When She Woke by Hillary Jordan
Set in the not-too-distant future in ultra-conservative Texas, this novel is quite a departure from the author’s first novel, Mudbound, which was set in Post-WWII Midwestern America. And yet, there are parallels: prejudice and stigma, oppression, and a female protagonist with an inner strength and resoluteness to rise above her situation.
When She Woke is a futuristic retelling of The Scarlet Letter, Nathaniel Hawthorne’s 1850 novel about a woman scorned; found guilty of adultery – and bearing a child out-of-wedlock, the product of that adultery – Hester Prynne is sentenced to wear a blazing scarlet letter A on her person so that all who might see her will know of her crime. When She Woke’s Hannah Payne (the protagonist’s name is only one on a list of similarities to The Scarlet Letter; both heroines are seamstresses, and like Scarlet’s Hester, Hannah names her aborted fetus Pearl in an exceedingly creepy scene) is convicted of murder and sentenced to sixteen years of melachroming – the process developed by which a person’s genes are altered so as to render their skin, from head to toe, a monochromatic color to fit their “crime.” Hannah’s crime is abortion and her punishment is living for the next 16 years as a “Red” – scarlet from head to toe – and forced infertility by way of a surgical implant.
Raised by a devoutly Christian family in an era when there is no separation of Church and State in America, Hannah had dedicated her life to the church and family, and living a virtuous life. When Reverend Aiden Dale, a charismatic, world-famous pastor enters her life, however, the mutual attraction can’t be denied by either of them, and eventually, predictably, though he is a married man, the two succumb to an illicit affair which results in Hannah’s pregnancy.
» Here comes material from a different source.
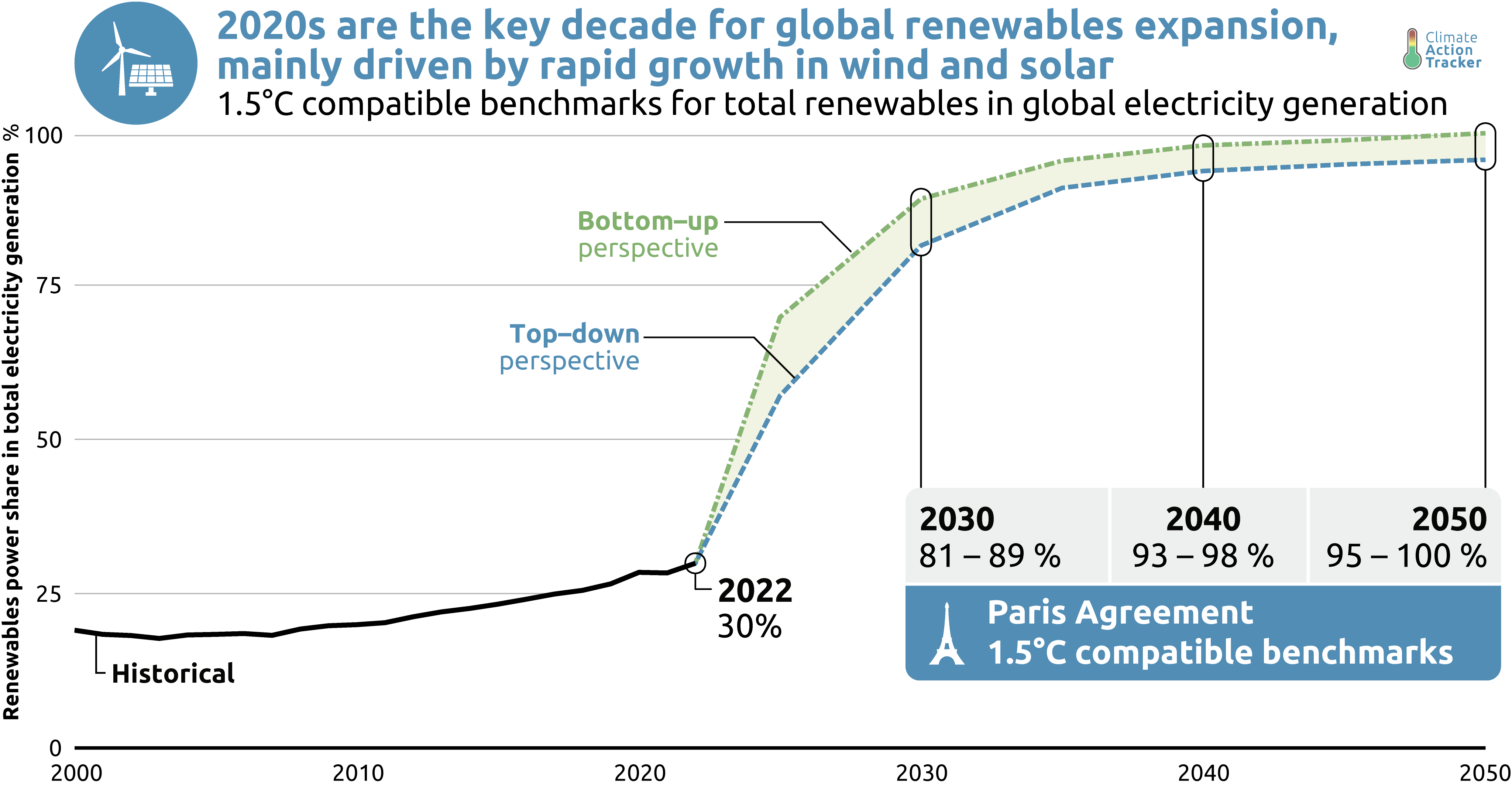 A 1.5°C aligned power sector transition will be driven by renewables, particularly wind and solar. By 2030, the global share of renewables reaches 81–89% in 1.5°C-compatible pathways, growing to 93–98% by 2040 and 95–100% by 2050.

Out of fear of the ramifications of raising an illegitimate child alone, and knowing that a man in Reverend Dale’s position could not acknowledge or help her raise the child, Hannah decides that an abortion is the her only option, and really, the most humane option for all concerned. However, abortion is now illegal and considered murder in the first degree. Unfortunately, she is apprehended immediately after her abortion, the authorities having been tipped off by suspicious neighbors.
After her trial and sentencing, Hannah wakes up to find herself transformed into a blood-red person. Eventually she is released from her short-term stay in prison and must try to make her way in the world. But how? She is shunned and the target of violence at every turn because of her Red status. What follows is a journey of survival and self-discovery, during which Hannah finds herself first in a halfway house run by a cultish, sadistic, fanatical couple, and then on the run, constantly eluding capture, violence, and death. Her goal: to reach Canada, where her melachroming can be reversed, though she will have to live the rest of her life with no contact with anyone from her previous life – a sort of witness protection program. Along the way, she confronts her long-held beliefs about herself and her faith and discovers a self she never knew.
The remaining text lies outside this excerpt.